School closures: “Too many questions, too little time.”
Note: This is a somewhat longer version of a column that will appear tomorrow in the Sacramento News and Review.
The more you peel back the layers of the Sac City school district’s brutal “right-sizing” plan, the weirder it gets.
The more you peel back the layers of the Sac City school district’s brutal “right-sizing” plan, the weirder it gets.
The administration wants to shutter 11 elementary schools–one out of every five run by the district. It’s a drastic solution, suited for a drastic problem. Unfortunately, it’s not at all clear just what problem the school board and Superintendent Jonathan Raymond are trying to solve.

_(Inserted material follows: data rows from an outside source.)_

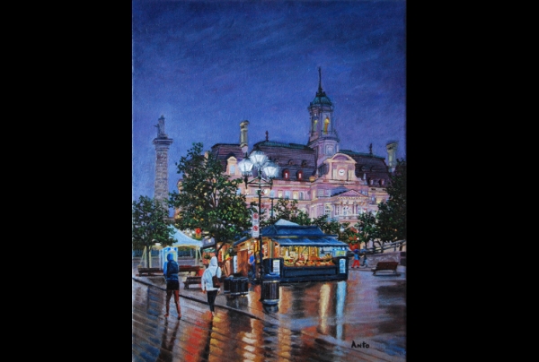 "Place Jacques-Cartier sous la pluie " Huile sur toile (dim. 40,64x30,48cm), oeuvre de l'artiste-peintre ANTO, Antonine RODIER, Lauréate du Palmarès 2024.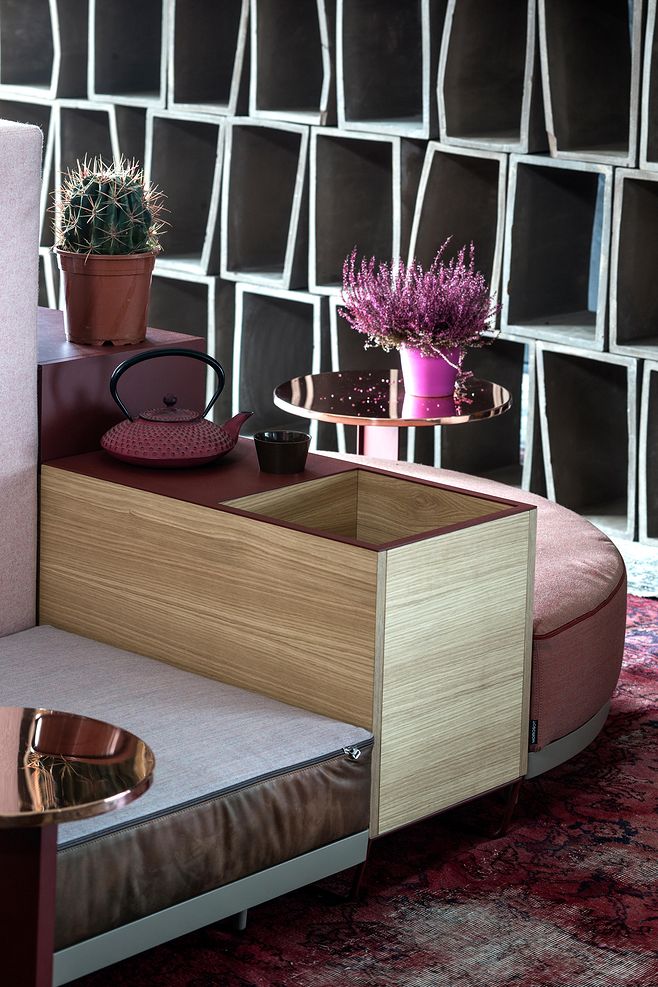 MOROSO的Bikini Island 沙發,是由多個色塊組成的多功能區沙發,深淺蜜桃色的運用,讓人想到日落時分的彩霞,有一種美好安靜的感覺。
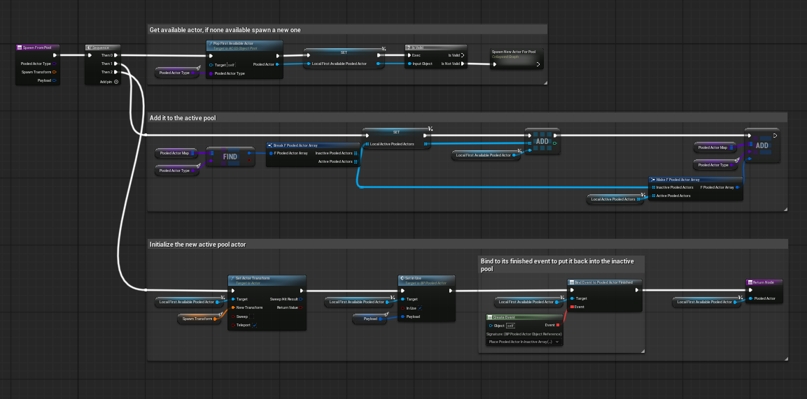 Spawn From Pool retrieves an actor, marks it active, initializes it, and binds the finished event.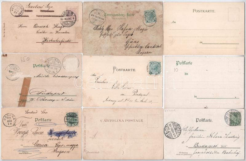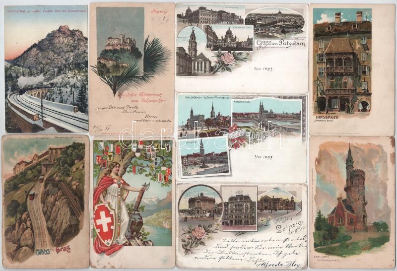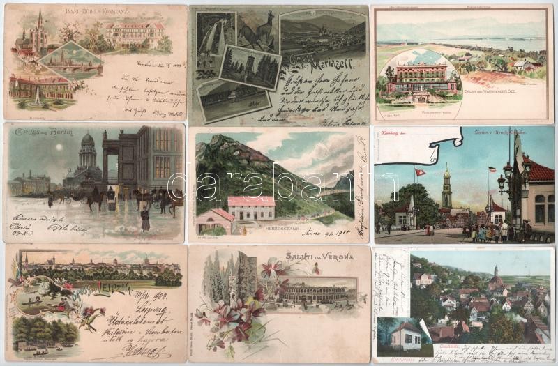 76 db RÉGI külföldi város képeslap és pár motívum kis albumban, vegyes minőség, sok német és osztrák lithoval és hosszú címzéses lappal / 76 pre-1945 European town-view postcards and some motives in a small album, mixed quality, many German and Austrian lithos and lot of pre-1900 postcards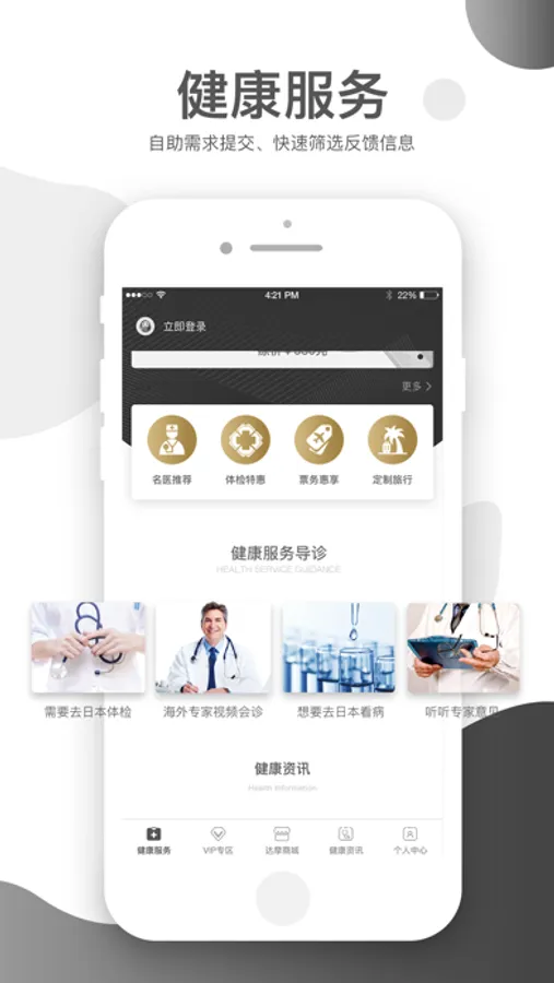 通过AI辅助推荐的形式,提供赴日体检、海外转诊、远程视频会诊、第二诊疗意见的向导式服务,将对接平台后端的上百家医院的数千位专家,变成用户的家庭医生;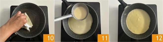 Entfernen Sie eventuell überschüssiges Öl mit einem Küchentuch 10. Gießen Sie eine Schöpfkelle Teig ein 11, bis der Boden bedeckt ist 12.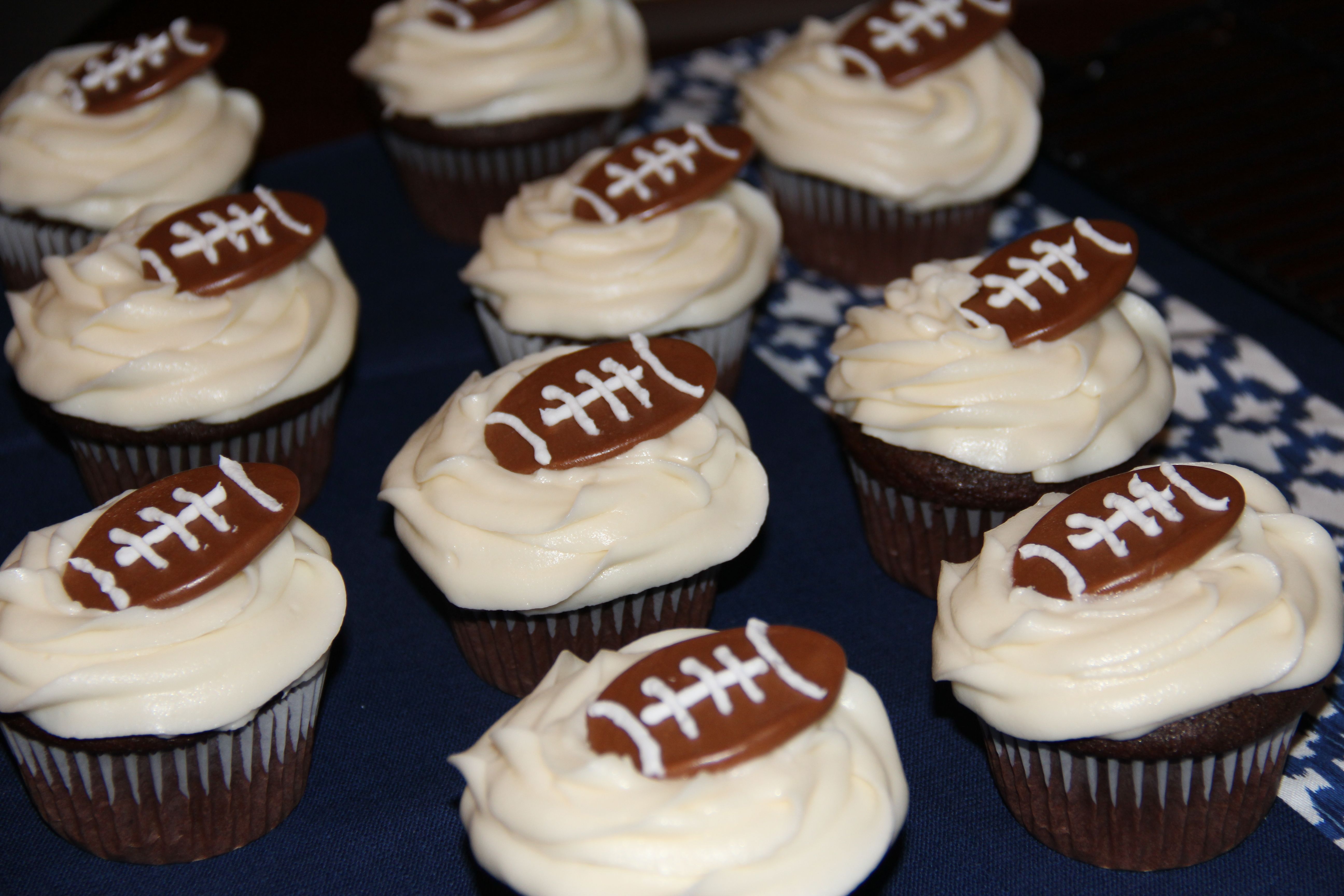 In honor of the Superbowl yesterday, I decided to jazz up the ol’ tried and true chocolate cupcakes with some football paraphernalia. I was hoping that these would be celebratory treats but it just didn’t work out that way. Poor Pats…
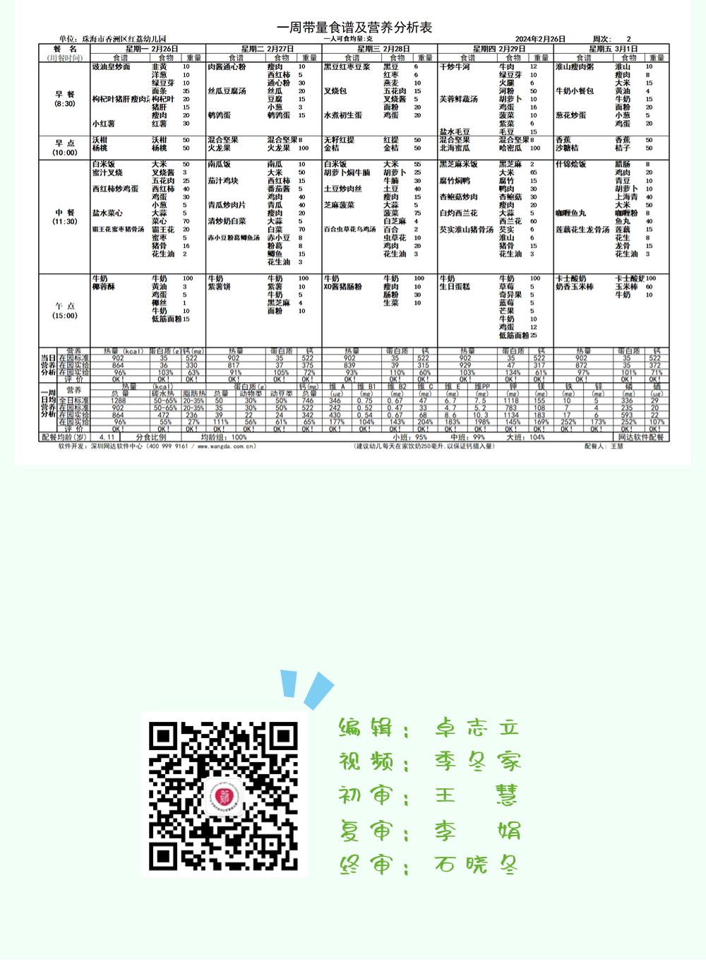 【食在红荔】珠海市共乐幼教集团红荔园区(红荔幼儿园)第二周幼儿营养食谱
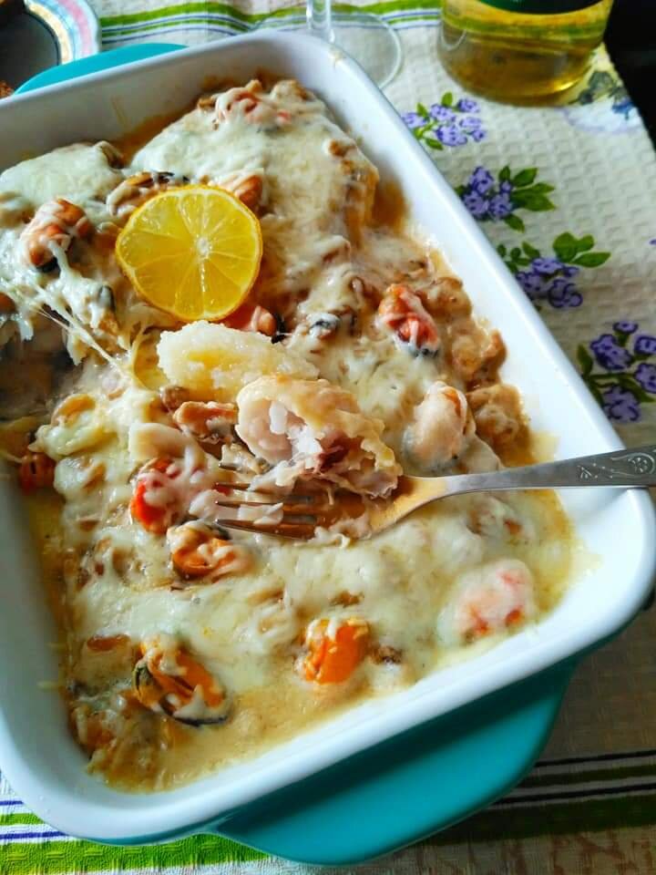 Готовим из привычных продуктов. Хек, запеченный под соусом бешамель, с грибами и мидиями. Филе хека посолить. Панировать в яйце и пшеничной муке. Обжарить на растительном масле. Выложить в форму для запекания. Бешамель с грибами - В сотейнике распустить сливочное масло. Обжарить мелко нарезанный лук и шампиньоны, до зарумянивания. Добавить белое вино и выпарить. Ввести пшеничную муку, обжарить. Постепенно, помешивая влить воду, до получения густой кремовой консистенции. Теперь влить сливки, добавить мускатный орех, соль, кориандр. Хек залить готовым соусом. Сверху выложить мидии. Посыпать моцареллой. Запечь в разогретой духовке, 10 минут. Или в микро, пять минут. Подавать с ломтиком лимона и пробойной икрой сельди.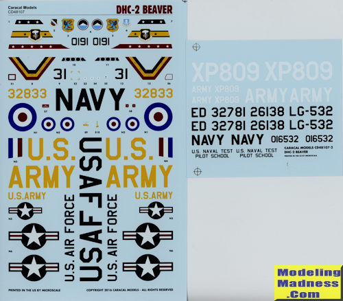 The type was initially categorized as the L-20. After the 1962 combination of military aircraft nomenclature, it was the U-6. This sheet contains markings for six different aircraft. For kits, I believe the only one that has been done in this scale is by Hobbycraft. These decals are superbly printed by Microscale, one of the best in the industry.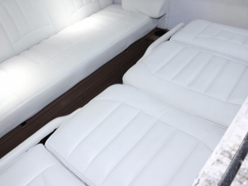 Continue further back and find another great conversation area that can convert to comfortable sleeping for two. There is a lounge across the back with seating for three, including safety belts, overhead wardrobe, and LED TV, plus in the center a removable table, and more!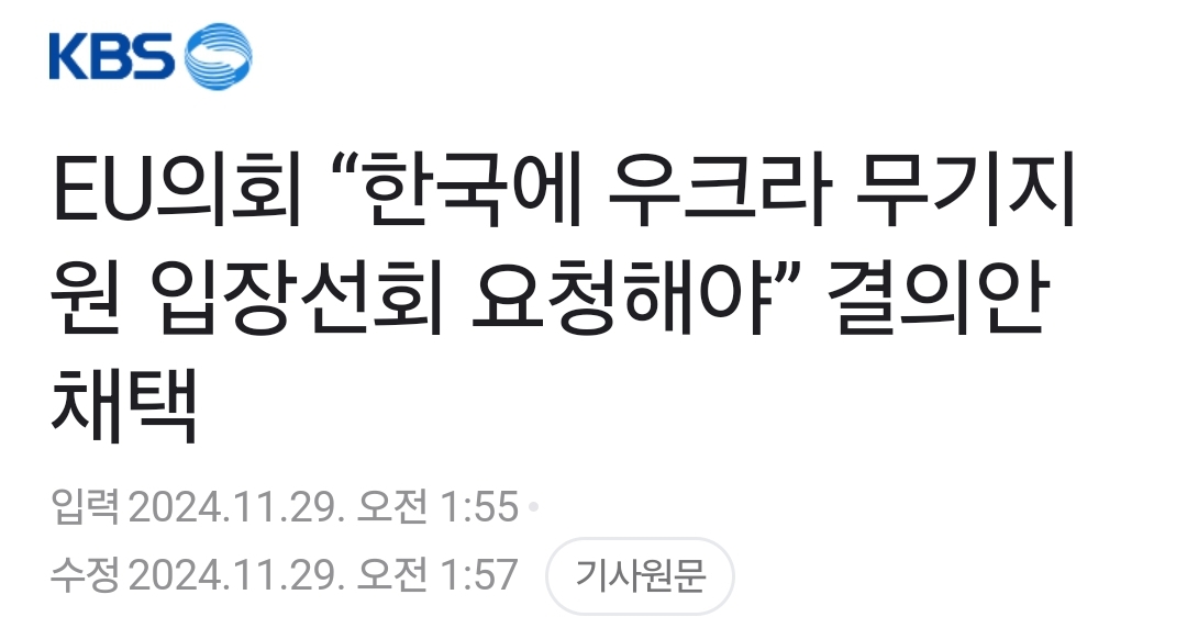 유럽의회가 러시아와 북한의 군사협력을 규탄하면서 한국의 우크라이나 지원을 우회 촉구 (KBS) 본문

Is it the immediate problem, the district’s short-term budget deficit? We won’t know the size of the shortfall until the state budget becomes more clear; could be $10 million, $5 million, $8 million, who knows? We do know school closures–estimated to save only $2.5 million a year–likely won’t close the gap. Where will the rest of the money come from? What alternative cost saving measures have been considered, and then rejected, before escalating to the nuclear option of closing schools? None, so far.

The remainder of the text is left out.